Records from a data source:
+===+

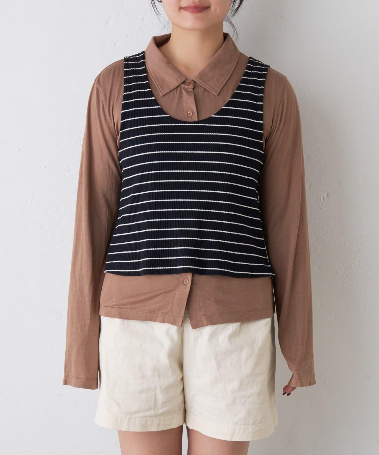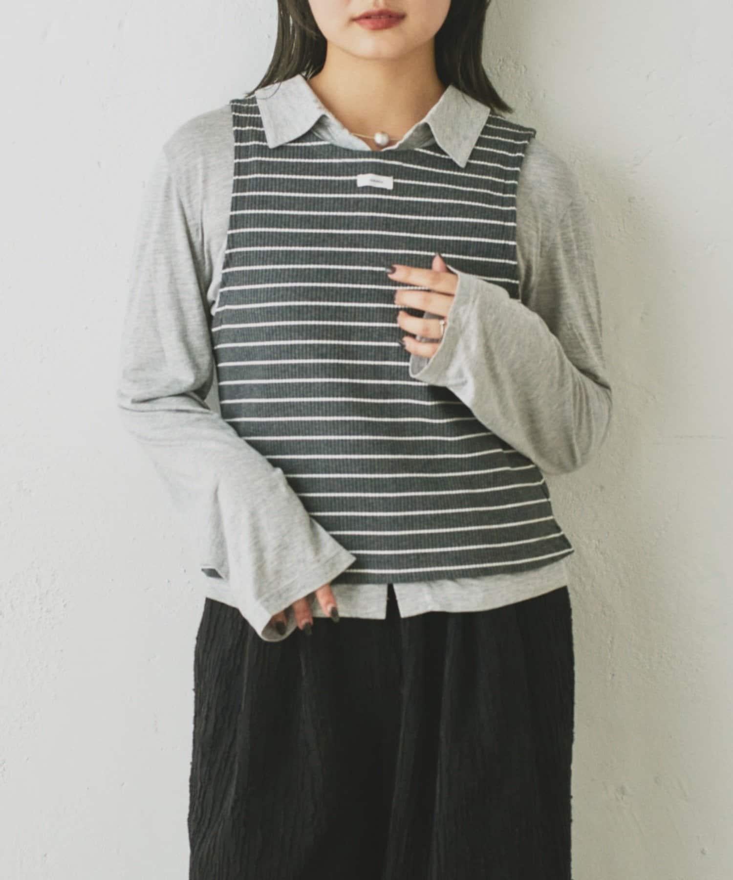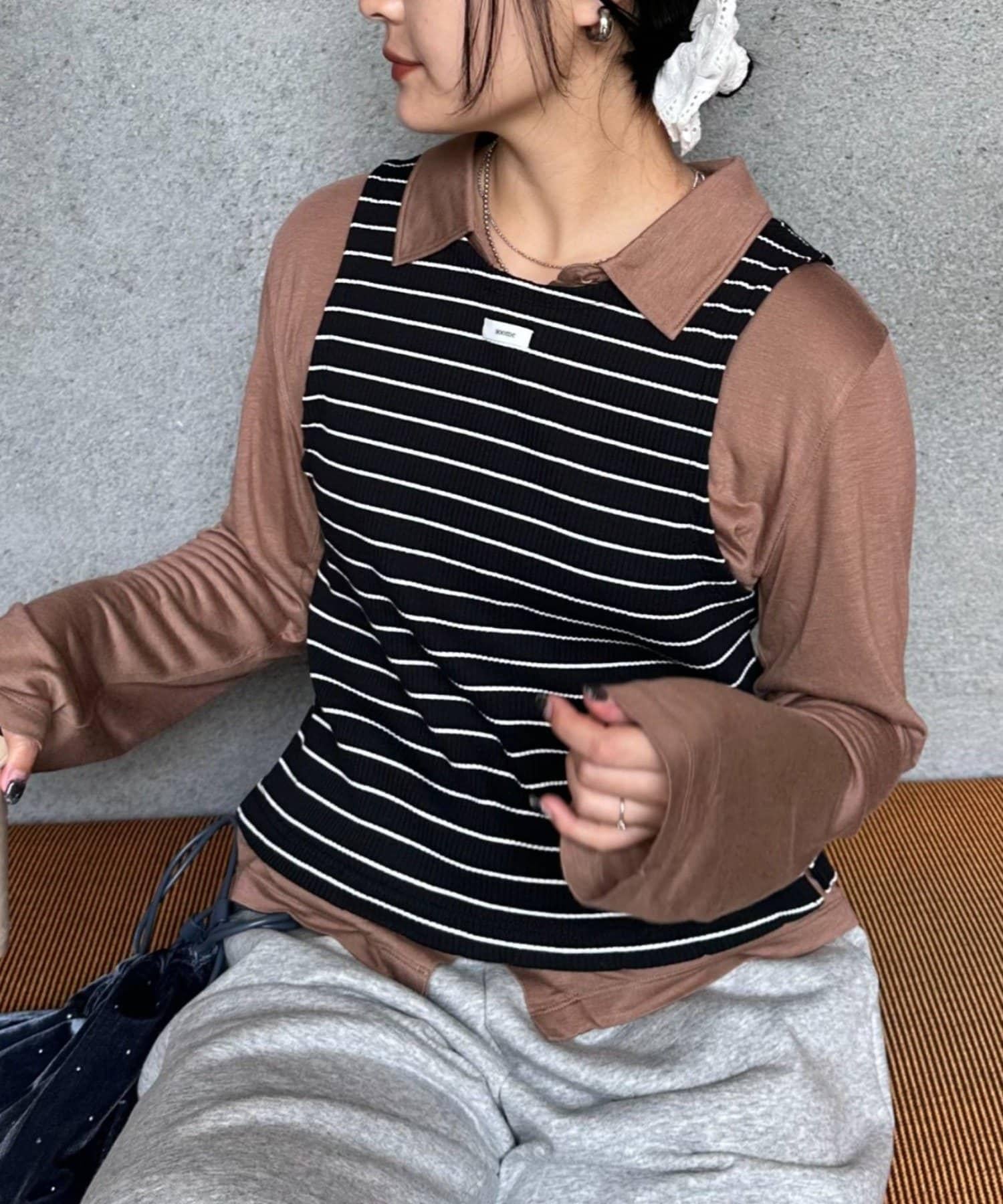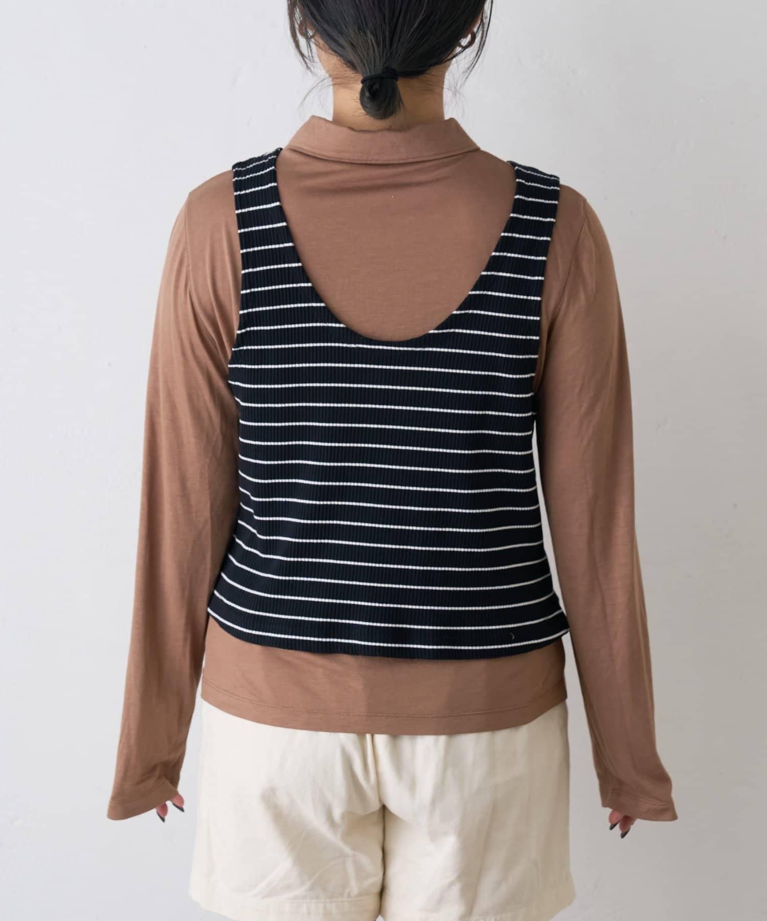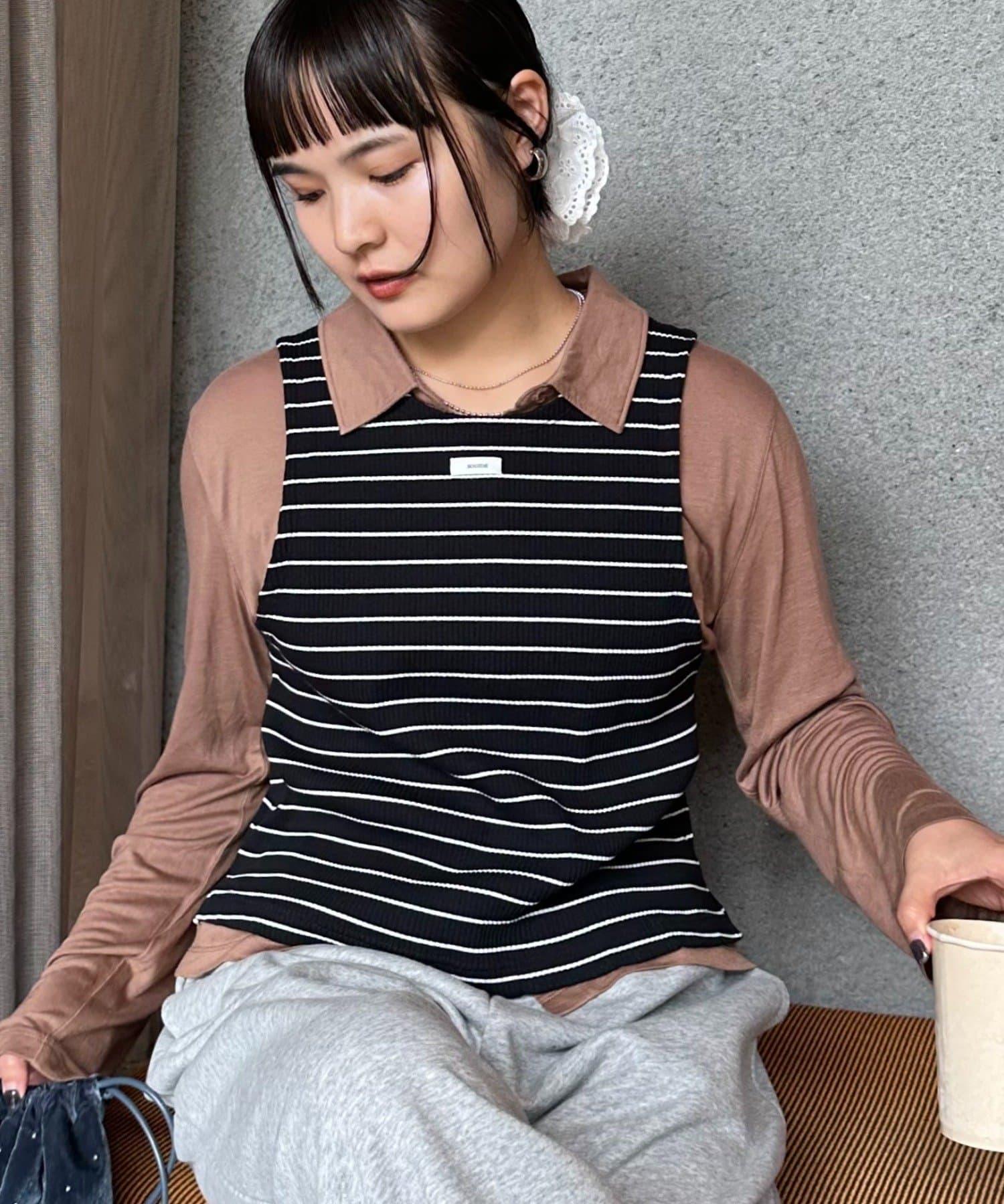 由鑲邊背心和透視襯衫組成的套裝單品,可前後兩用。
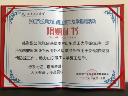 感谢致公党淄博市委张店区基层委对学校的慷慨捐赠
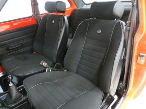 Largely true to a standard Ford RS2000 interior with incredible attention to detail. The brushed nylon RS sports seats with optional headrests match a very clean unworn loop pile carpet throughout and unmarked door cards. The rare Kienzle clock housed within the optional RS centre console is functioning and joins the varnished wood dealer fit trim which is in fair order. All the other sports instrumentation providing at a glance concise information and the soft dash top is perfectly replaced. A quality remote central locking and alarm system has been installed in place of the conventional door locks. The boot area continues the showroom experience with detailed presentation and an impossible to source genuine boot mat. One for the RS connoisseur wanting to enjoy this motoring legend.
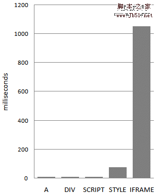 使用 iframe 可以輕易的調用其他網站的頁面,但應謹慎使用。它比創建其他 DOM 元素(包括 style 和 script)多耗費數十甚至數百倍的性能。增加100個不同元素的時間對比顯示 iframe 是多么耗費性能:
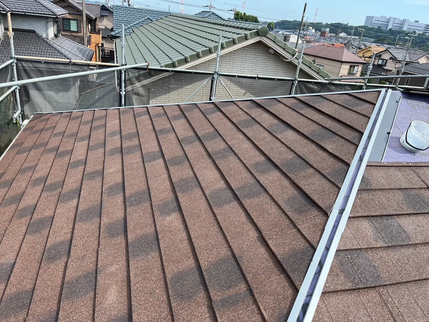 相模原市中央区田名塩田 T様邸 屋根カバー外壁付帯部塗装工事 2024/08/23 工事物件住所:相模原市中央区田名塩田 工事内容詳細:屋根カバー外壁付帯部塗装工事 予算:210万(税抜) 【使用材料】 屋根:オークリッジスーパー 外壁:超低汚染リファイン1000MF-IR 施工前後比較写真 施工前全景写真 施工後全景写真 屋根施工前 屋根施工後 屋根防水シート施工 屋根カバー施工 外壁下塗り施工 外壁中塗り施工 外壁上塗り施工 高圧洗浄施工 養生施工 コーキング撤去 コーキング施工 付帯部塗装 鉄部ケレン作業

+===+

→ **Work to complete**: Please repeat the records above exactly, omitting any pictures they contain.

→ **Reply to the task**:
 由鑲邊背心和透視襯衫組成的套裝單品,可前後兩用。
 感谢致公党淄博市委张店区基层委对学校的慷慨捐赠
 Largely true to a standard Ford RS2000 interior with incredible attention to detail. The brushed nylon RS sports seats with optional headrests match a very clean unworn loop pile carpet throughout and unmarked door cards. The rare Kienzle clock housed within the optional RS centre console is functioning and joins the varnished wood dealer fit trim which is in fair order. All the other sports instrumentation providing at a glance concise information and the soft dash top is perfectly replaced. A quality remote central locking and alarm system has been installed in place of the conventional door locks. The boot area continues the showroom experience with detailed presentation and an impossible to source genuine boot mat. One for the RS connoisseur wanting to enjoy this motoring legend.
 使用 iframe 可以輕易的調用其他網站的頁面,但應謹慎使用。它比創建其他 DOM 元素(包括 style 和 script)多耗費數十甚至數百倍的性能。增加100個不同元素的時間對比顯示 iframe 是多么耗費性能:
 相模原市中央区田名塩田 T様邸 屋根カバー外壁付帯部塗装工事 2024/08/23 工事物件住所:相模原市中央区田名塩田 工事内容詳細:屋根カバー外壁付帯部塗装工事 予算:210万(税抜) 【使用材料】 屋根:オークリッジスーパー 外壁:超低汚染リファイン1000MF-IR 施工前後比較写真 施工前全景写真 施工後全景写真 屋根施工前 屋根施工後 屋根防水シート施工 屋根カバー施工 外壁下塗り施工 外壁中塗り施工 外壁上塗り施工 高圧洗浄施工 養生施工 コーキング撤去 コーキング施工 付帯部塗装 鉄部ケレン作業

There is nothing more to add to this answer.